### Task prompt
Please give the lines below again exactly as they stand, from the one that contains "- 角膜輪とアキレス腱の肥厚は、血中Lp(a)値の上昇と有意に関連していた。" up to and including the one that contains "When to file a Birt return in Philadelphia?", leaving all pictures out.

### Excerpted data
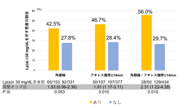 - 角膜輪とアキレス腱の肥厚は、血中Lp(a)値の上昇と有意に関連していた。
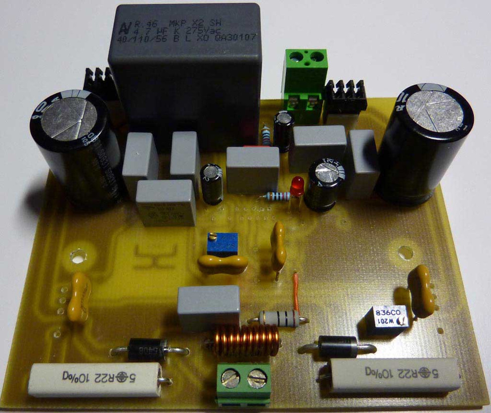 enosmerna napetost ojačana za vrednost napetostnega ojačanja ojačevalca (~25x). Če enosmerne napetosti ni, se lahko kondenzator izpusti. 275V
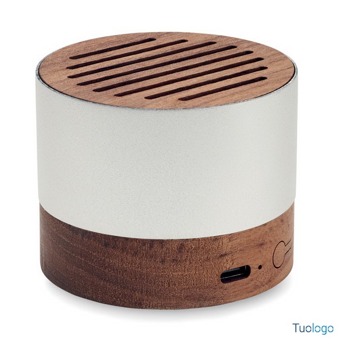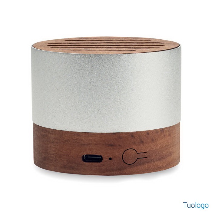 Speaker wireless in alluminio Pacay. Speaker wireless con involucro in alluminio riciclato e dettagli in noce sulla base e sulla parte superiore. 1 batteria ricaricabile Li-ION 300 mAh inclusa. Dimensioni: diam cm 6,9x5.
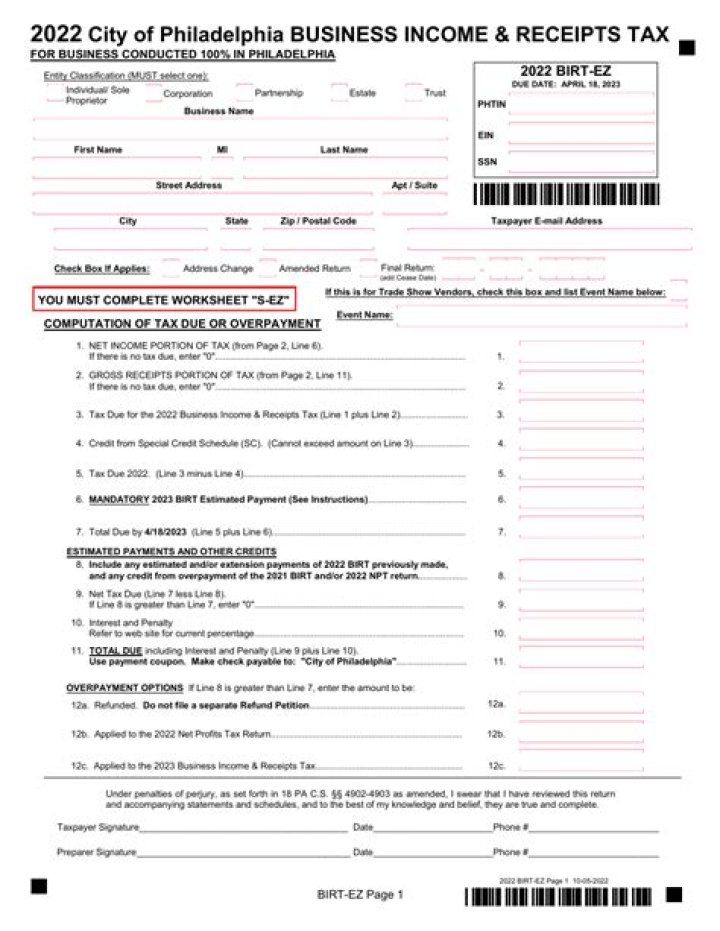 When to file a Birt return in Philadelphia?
...
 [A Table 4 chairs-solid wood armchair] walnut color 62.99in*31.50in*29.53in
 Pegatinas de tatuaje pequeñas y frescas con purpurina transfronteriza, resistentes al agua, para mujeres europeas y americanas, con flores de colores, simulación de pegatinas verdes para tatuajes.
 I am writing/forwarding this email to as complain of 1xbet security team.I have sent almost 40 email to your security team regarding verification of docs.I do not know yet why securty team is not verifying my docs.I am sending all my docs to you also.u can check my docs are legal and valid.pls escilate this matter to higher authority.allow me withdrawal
...
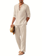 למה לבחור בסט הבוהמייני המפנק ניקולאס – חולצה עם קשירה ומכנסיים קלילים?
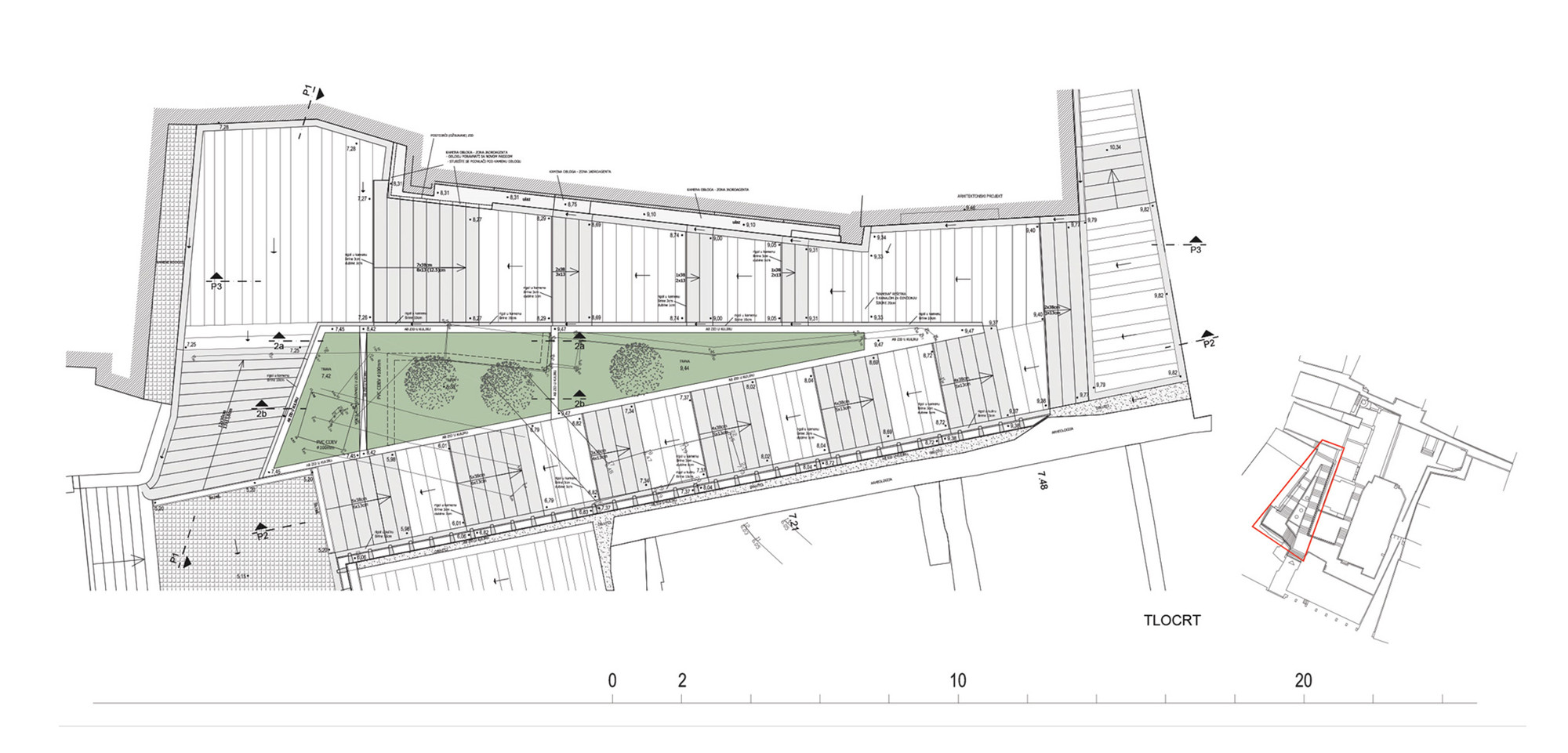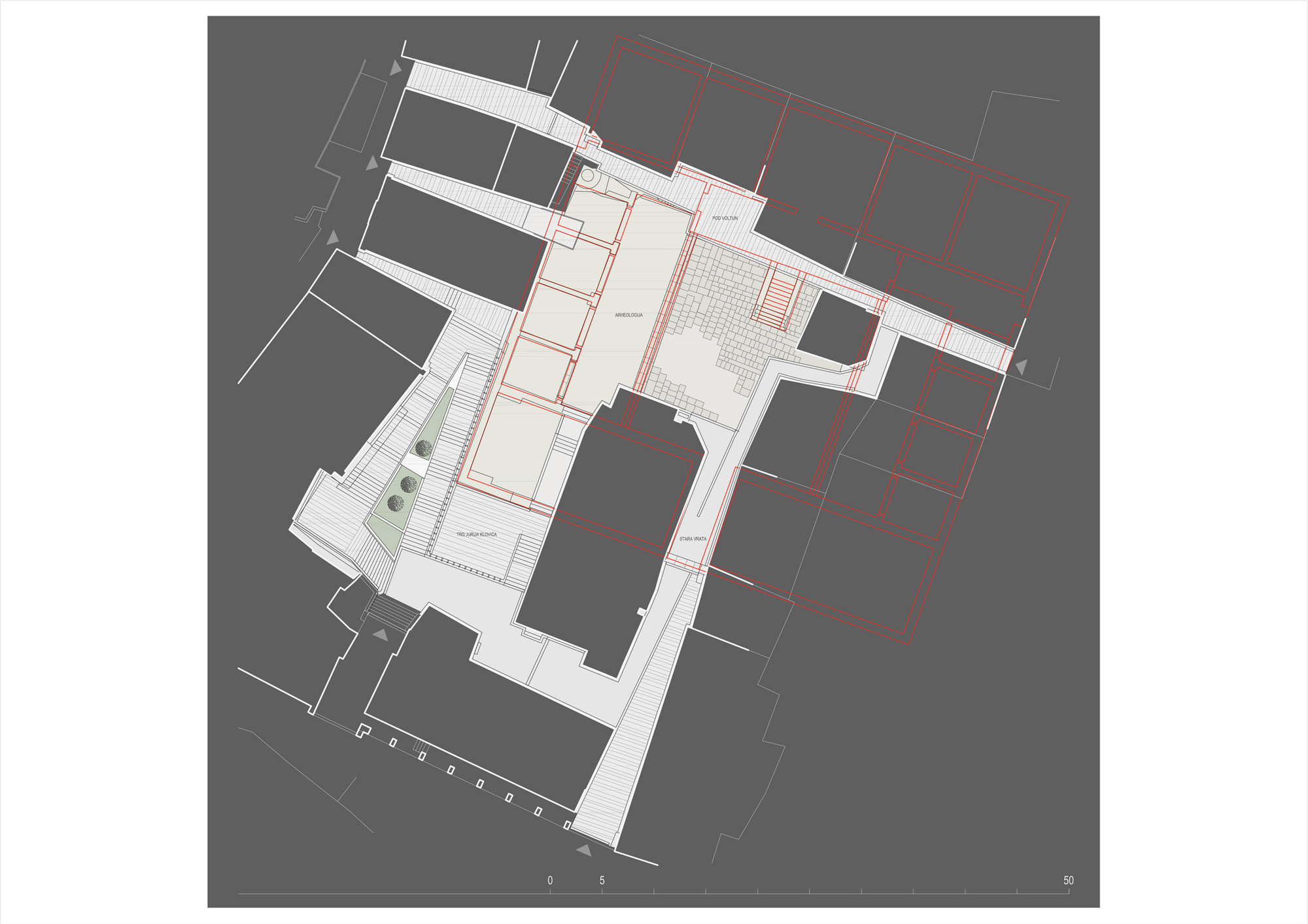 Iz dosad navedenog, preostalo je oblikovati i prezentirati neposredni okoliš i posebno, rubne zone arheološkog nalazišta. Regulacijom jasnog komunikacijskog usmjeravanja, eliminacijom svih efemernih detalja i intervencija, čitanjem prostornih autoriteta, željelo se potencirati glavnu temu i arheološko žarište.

### Task solution
 - 角膜輪とアキレス腱の肥厚は、血中Lp(a)値の上昇と有意に関連していた。
 enosmerna napetost ojačana za vrednost napetostnega ojačanja ojačevalca (~25x). Če enosmerne napetosti ni, se lahko kondenzator izpusti. 275V
 Speaker wireless in alluminio Pacay. Speaker wireless con involucro in alluminio riciclato e dettagli in noce sulla base e sulla parte superiore. 1 batteria ricaricabile Li-ION 300 mAh inclusa. Dimensioni: diam cm 6,9x5.
 When to file a Birt return in Philadelphia?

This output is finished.